The kingdom’s lenders collectively borrowed about $33bn in 2025, roughly three times the previous high of $10.5bn set the year before, according to Fitch Ratings.
“We thought 2024 was going to be a record year and that was going to be it,” said Redmond Ramsdale, head of Middle East banks ratings at Fitch. “And 2025 has obviously significantly exceeded that again.”
Credit growth has expanded rapidly since around 2020 because Saudi Arabia’s lenders have been helping fund much of Crown Prince Mohammed bin Salman’s “Vision 2030” trillion-dollar plan to reduce the country’s reliance on oil revenues, as well as sell mortgages in the rapidly expanding real estate market.
But that lending expansion has outpaced the growth of deposits in the kingdom, leaving the banks less able to make loans at the same blistering pace as the kingdom faces tightening liquidity after a decade of massive state spending.
The banks had been unable to match the strong credit growth “on the liability side with deposit growth and also on the capital side with internal capital generation to match”, said Ramsdale.
The ratio of loans to deposits for the 10 largest banks stood at nearly 106 per cent by the middle of 2025, according to Alvarez & Marsal, roughly 10 percentage points higher than the same period in 2023. The figure is also much higher than in neighbouring Gulf power the United Arab Emirates, whose biggest banks’ loan-to-deposit ratio is about 75 per cent.
The tight liquidity is forcing Saudi banks to look for alternative sources of financing, particularly from abroad.

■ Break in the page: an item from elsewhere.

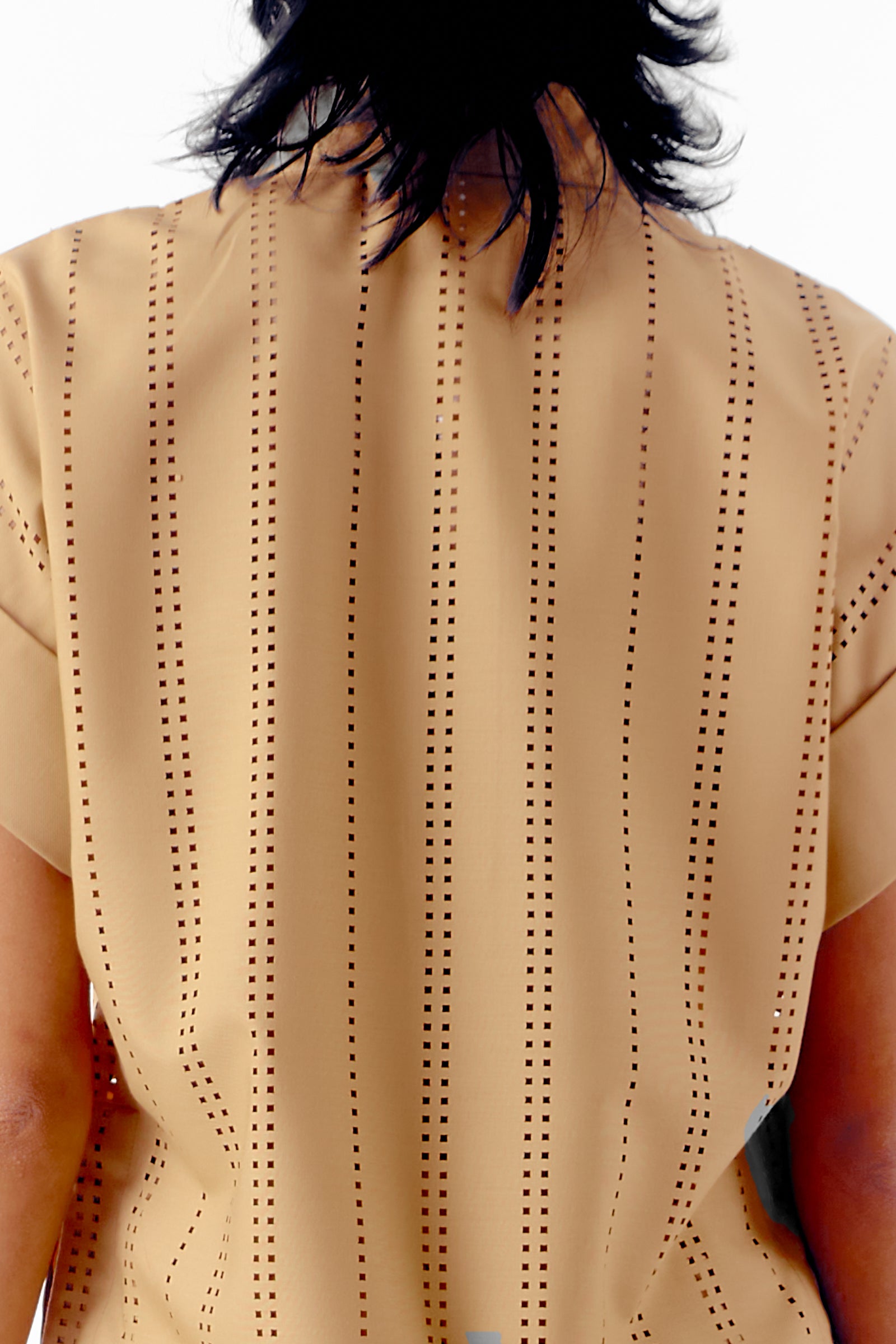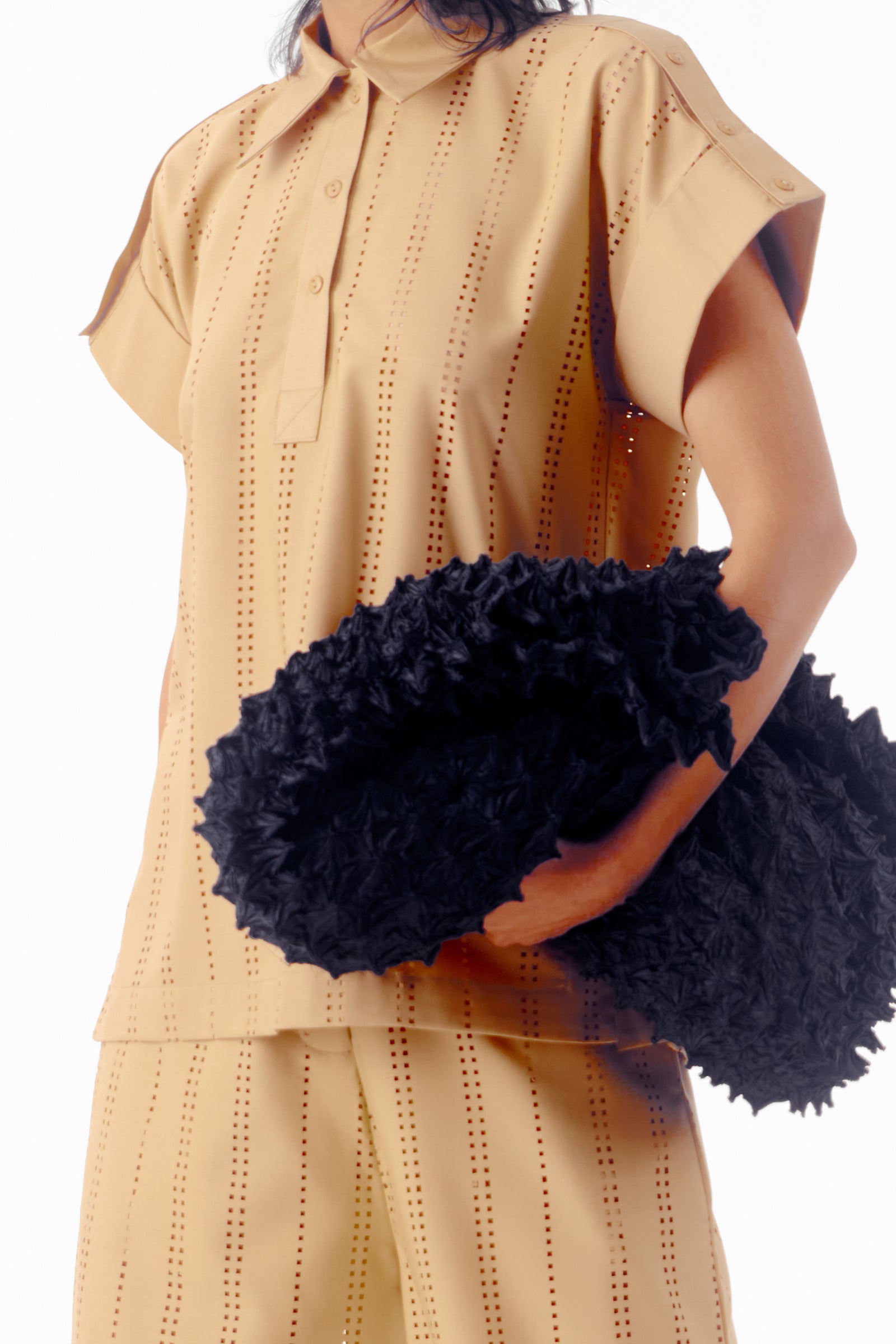 Intricate detailing takes center stage in this coordinated look, where precision meets polish. The structured collar and placket offer a refined counterpoint to the delicate laser-cut patterns above. Paired with flared bottoms that mirror the same intricate technique, the fitted waist anchors the silhouette. The result is a bold yet balanced ensemble that fuses technical craft with contemporary flair.

The “banks started going into the international market to fund the gap”, said Ashraf Madani, lead analyst on Saudi banks at credit rating agency Moody’s.

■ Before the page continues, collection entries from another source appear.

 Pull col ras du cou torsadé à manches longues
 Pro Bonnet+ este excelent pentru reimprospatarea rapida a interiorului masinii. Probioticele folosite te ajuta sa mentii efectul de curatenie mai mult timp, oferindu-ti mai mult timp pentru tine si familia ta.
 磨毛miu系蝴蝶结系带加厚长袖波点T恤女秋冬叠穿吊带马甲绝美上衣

Foreign funding for Saudi banks leapt from 6 per cent of the total in 2020 to 11 per cent by June 2025, according to Moody’s.

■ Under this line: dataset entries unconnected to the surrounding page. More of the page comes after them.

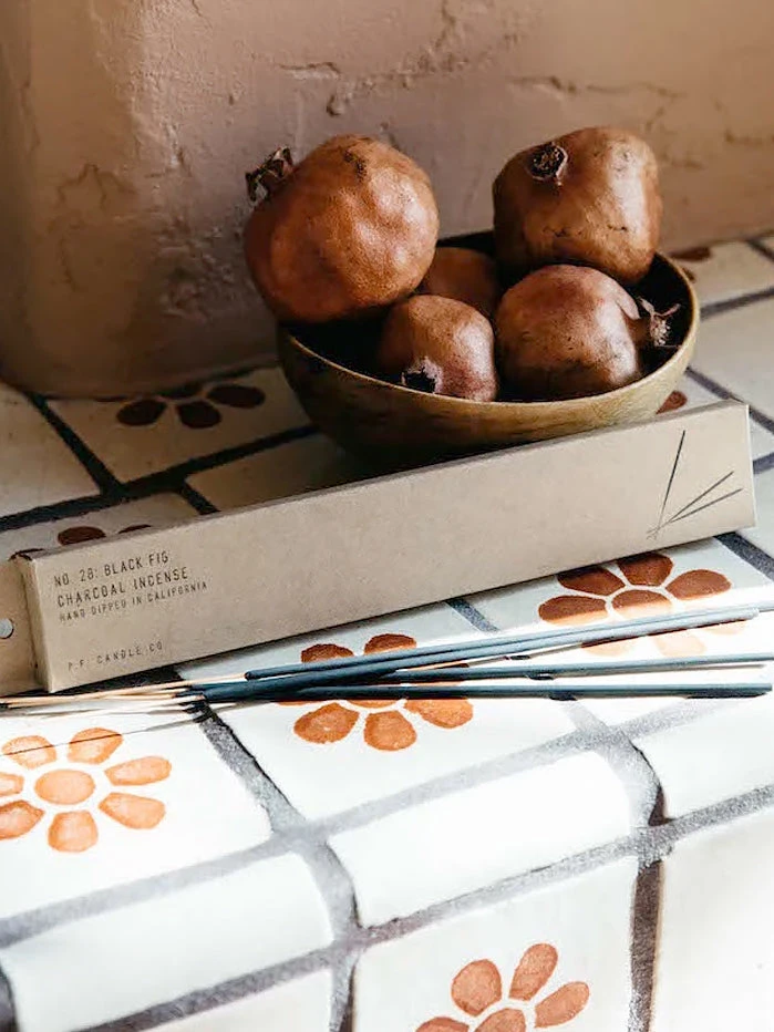 P.F.’s charcoal-based Incense is hand-dipped in their studio and packaged in kraft sleeves. Incense quickly transforms a room: transformative smoke uplifts the space while the signature scents linger for hours even after extinguishing.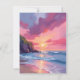 Pink Sunset Ocean Beach Waves Wasserfarbenkarte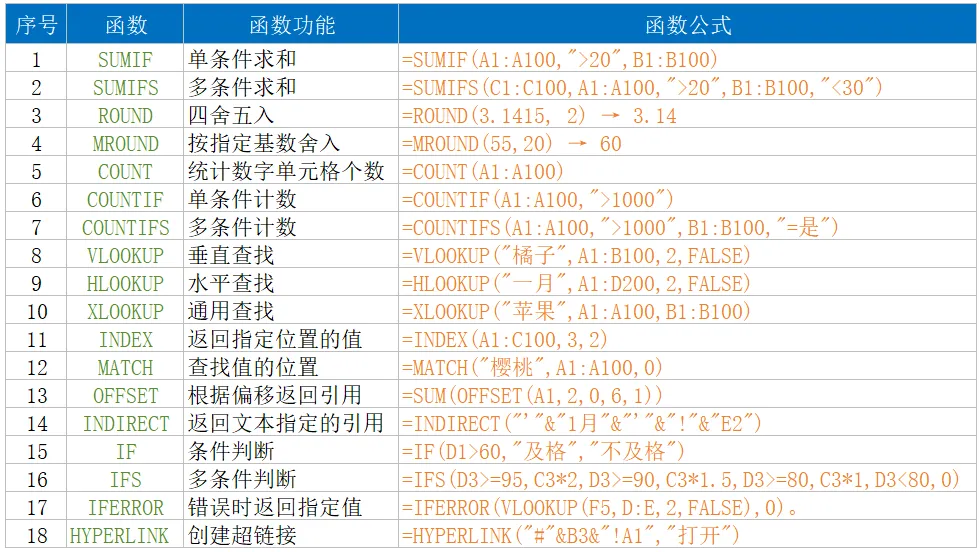 小结:常用的18个函数给大家总结成了以下图,可收藏用时查阅。

“I certainly think that the limited foreign borrowing that Saudi banks have had in the past makes them attractive to lend to for foreign investors now,” said Tim Callen, a visiting fellow at the Arab Gulf States Institute in Washington and a former IMF mission chief to Saudi Arabia. “I also think the Saudi banking system is recognised as being strong, liquid and well regulated and supervised by SAMA [the central bank], all of which are pluses for investors.”
Saudi banks are also issuing more subordinated debt, which helps them diversify their funding sources but is of a lower repayment priority and therefore riskier.
The kingdom’s banking regulator has taken note of the banks’ increased tapping of foreign funding, and in May gave them a year to strengthen their countercyclical capital buffers from zero to 1 per cent of their total risk-weighted assets.
Some analysts expect Saudi banks to moderate their lending as the kingdom works to recalibrate its ambitious economic transformation agenda amid subdued oil prices, rising debt and widening deficits. Some megaprojects — including futuristic linear city The Line, the centrepiece of the vast Neom development — are being scaled back as Riyadh focuses on events the kingdom has signed up to host such as Expo 2030 and the 2034 football World Cup.
Even though some of its megaprojects are under review, Saudi Arabia’s economy is still expanding, partly thanks to raised oil production quotas by the Opec+ group of producers and robust growth of non-oil income. The IMF on Monday raised its forecast for Saudi GDP growth this year to 4.5 per cent from 4 per cent, estimating the country’s economy had expanded 4.3 per cent in 2025.
Ihsan Buhulaiga, a Saudi economist, said traditionally risk-averse local banks should reconsider their approach.
“If economic growth continues north of 4 per cent, banks need to expand their capitalisation and revisit their risk matrix so it fits better with what’s going on in the economy, which is very serious,” he said. “You cannot just sit pretty and say ‘OK, we’ll continue as usual as we used to do in 2010.’ No, things are different now.”
Yet some rating agencies expect lending growth by banks to slow slightly. Ramsdale said Fitch was projecting loan expansion of about 13 per cent in 2025, 1 percentage point behind 2024, and a further dip to 10 per cent for 2026.
Banks are “slowing down slightly to compensate for that tighter liquidity and tighter capitalisation,” he said.
Madani said Moody’s also expected Saudi “credit growth to ease up” as financing costs for banks rise.